The fraction of total variance explained by the first k PCs is: \frac{\sum_{j=1}^k \lambda_j}{\sum_{j=1}^p \lambda_j}
Key assumption: Variance equals variability
This may not hold if:
- Data contain outliers
- Non-linear relationships are important
3.1.5 Climate Data Interpretation
Setup: Data matrix has time in rows, space in columns
Eigenvectors \boldsymbol{\phi}_j represent spatial patterns (EOFs)
Scores z_{ij} represent time series showing when each pattern is active
Reconstruction: \mathbf{X}_i \approx \sum_{j=1}^k z_{ij} \boldsymbol{\phi}_j^T
This reconstructs the data at time i using the first k EOFs.
3.1.6 Practical Considerations
Centering and anomalies:
Remove the time-mean at each location: x_{ij}' = x_{ij} - \bar{x}_j
For seasonal data, remove the seasonal climatology instead.
Standardization:
When should you standardize?
- Variables have different units → standardize
- Variables have similar units and scales → maybe not
- Standardization prevents one variable from dominating the PCA
Spatial weighting:
Latitude-longitude grids have unequal areas.

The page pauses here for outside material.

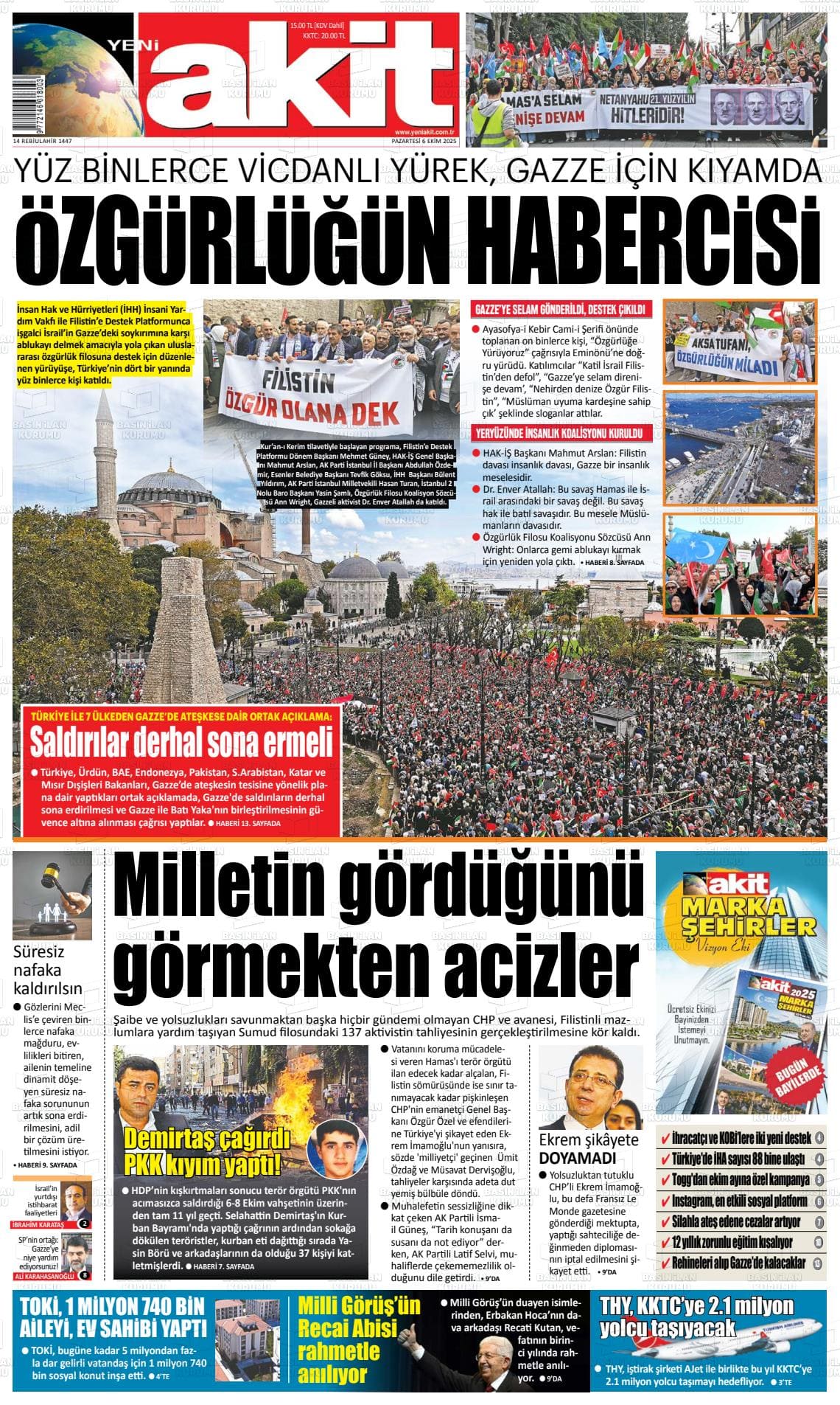 06 Ekim Pazartesi 2025 tarihli manşeti; YENİ AKİT gazetesi ilk sayfası

Grid cell area is proportional to \cos(\phi) where \phi is latitude.
Two approaches:
- Weight each data point by \sqrt{\cos(\phi)} before computing the covariance matrix
- This makes the covariance matrix effectively weighted by \cos(\phi) (since covariance involves products)

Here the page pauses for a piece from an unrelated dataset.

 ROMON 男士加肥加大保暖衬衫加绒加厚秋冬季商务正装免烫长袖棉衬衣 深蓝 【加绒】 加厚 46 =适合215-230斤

Why \sqrt{\cos(\phi)} and not \cos(\phi)?
The covariance matrix involves products of data values: X^T X.
If we weight data by \sqrt{\cos(\phi)}, the covariance becomes weighted by \cos(\phi).
This gives each unit area equal influence in the analysis.
Selecting the number of components:
Use a scree plot: plot variance explained versus component number.

How to choose k?
There is no magical rule - it’s a trade-off between dimensionality and variance preserved.
Common approaches:
- Look for an “elbow” where additional components add little variance (subjective!)
- Choose k to explain a target fraction of variance (e.g., 80% or 90%)
- Rule of thumb (North et al. 1982): Check for separation in the eigenvalues. If eigenvalues are too “close” together, their corresponding EOFs may be mixed and not physically distinct.
- Consider the application: how much compression do you need?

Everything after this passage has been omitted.